No! This has nothing to do with the annual German festival, Oktoberfest, but it’s that time of year back in South Asia when India is alive with its time-honored festival – Dussehra! What’s that you might ask? Let’s dig into a bit of history for a moment.
In a nutshell, Dussehra is a joyous festival in India, celebrated after nine sacred nights of Sharad Navratri. Following Navratri, on the tenth day is Dussehra, which is also known as Vijayadashami. That signal event celebrates the triumph of good over evil, as on that day the Lord Rama – the seventh incarnation of Lord Vishnu – killed the 10-headed demon Ravana, and Goddess Durga killed the buffalo demon Mahishashur. That’s quite a mouthful to swallow, but bear with me as we untangle the mysterious other – but ever present – world of Indian mythology in everyday life.
People all over India enjoy celebrating Dussehra with great enthusiasm. Indeed, it is an auspicious day for its people. As a result of the fact that the actual day is calculated according to the Lunar Calendar, its celebratory date depends on the year. Thus, this year – 2016 – the festival was celebrated in India on October the 11th.

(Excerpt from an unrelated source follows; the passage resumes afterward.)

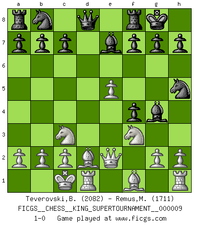 Last move : 1-0 2023 June 16 0:32:38 [Event "FICGS__CHESS__KING_SUPERTOURNAMENT__000009"] [Site "FICGS"] [Date "2023.04.23"] [Round "1"] [White "Teverovski,Bogoljub"] [Black "Remus,Matias"] [Result "1-0"] [WhiteElo "2082"] [BlackElo "1711"] 1.e4 e5 2.f4 exf4 3.Nf3 Nf6 4.e5 Nh5 5.Qe2 Be7 6.d4 O-O 7.Nc3 d6 8.Bd2 Bg4 9.O-O-O dxe5 10.dxe5 1-0 This chess game has been lost on time (started : 2023.04.23 2:2:48) Follow this game move after move (download)Later, I began to succeed in decisive games. Perhaps because I realized a very simple truth: not only was I worried, but also my opponent. (Mikhail Tal) Stil? Ich habe keinen Stil! (Anatoly Karpov) El Ajedrez, como cualquier actividad creativa, solo puede existir a través del esfuerzo combinado de aquellos que tienen talento creativo y de aquellos que poseen la habilidad de organizar su trabajo creativo. (Mikhail Botvinnik) Karpov est une pièce de musée. (Garry Kasparov) Now be brave and don't look back. Don't look back. (Shmi Skywalker in Star Wars ep.1)
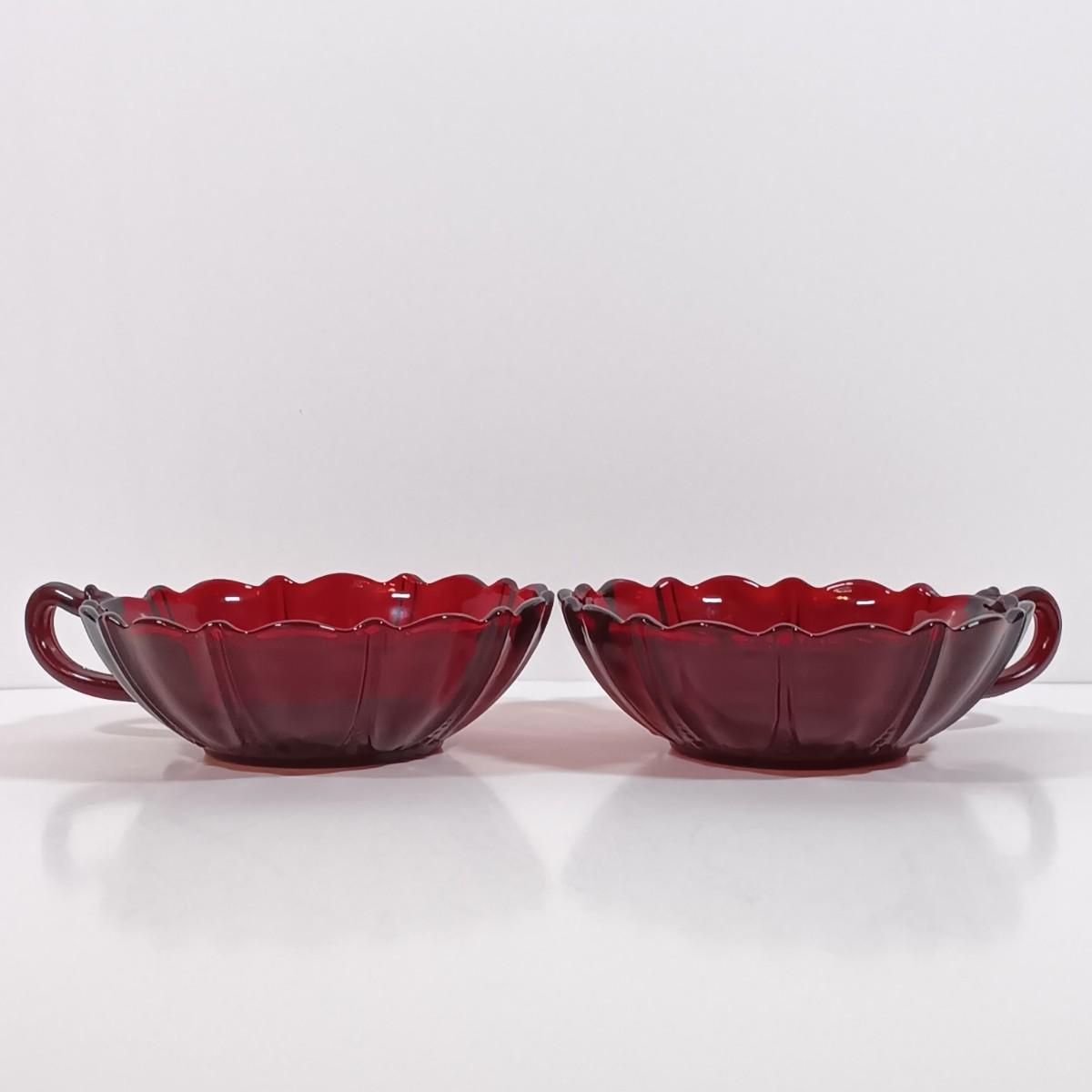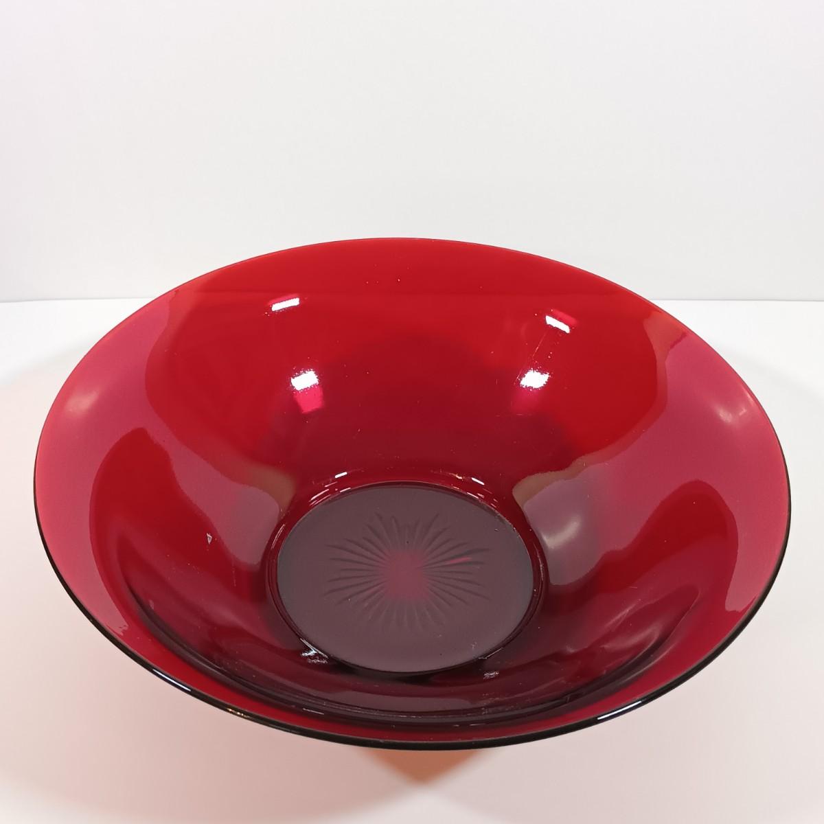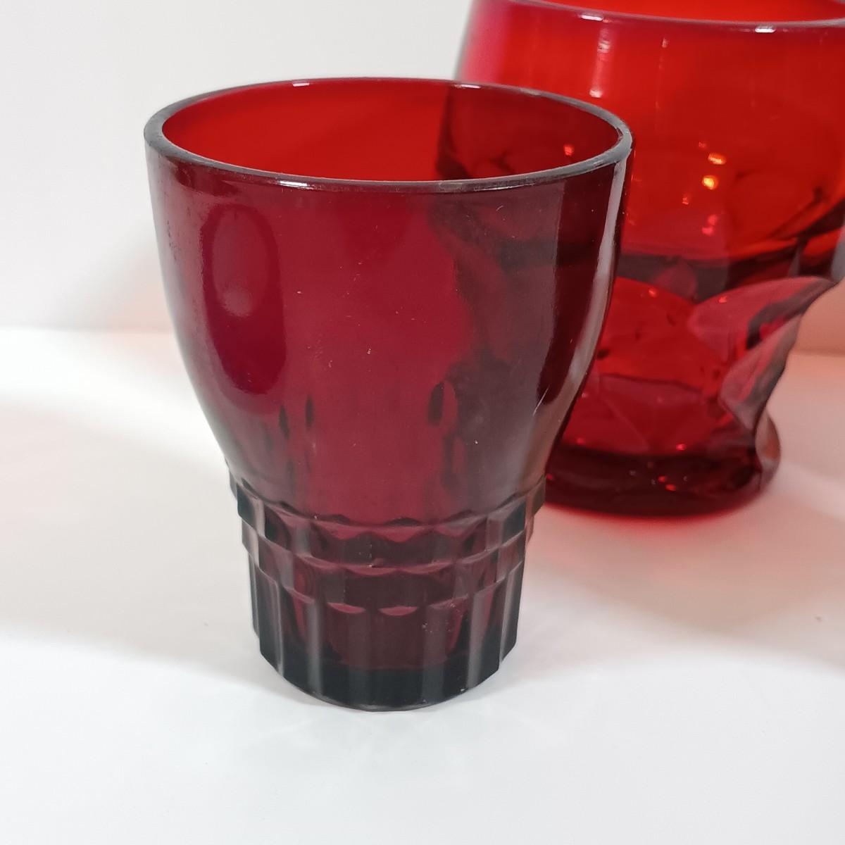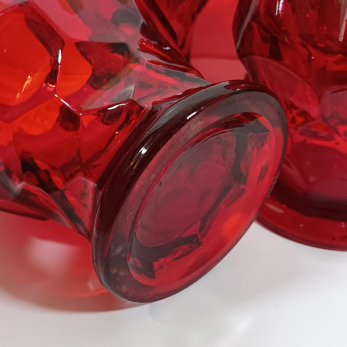 LOT 196: Ruby Red Glass Lazy Susan Inserts, Handled Serving Saucers, Bowl, Vases & Tumblers

Other points to note are that –
- Dussehra is also well known by the name of Vijayadashmi, which means “victory on the tenth day.”
- Dussehra is also celebrated with great enthusiasm in other neighboring countries like Bangladesh, Nepal and Malaysia.
- The large effigies of the demons Ravana, Kumbhkarna and Meghnath are burnt on that day amid the noisy setting off of myriad firecrackers.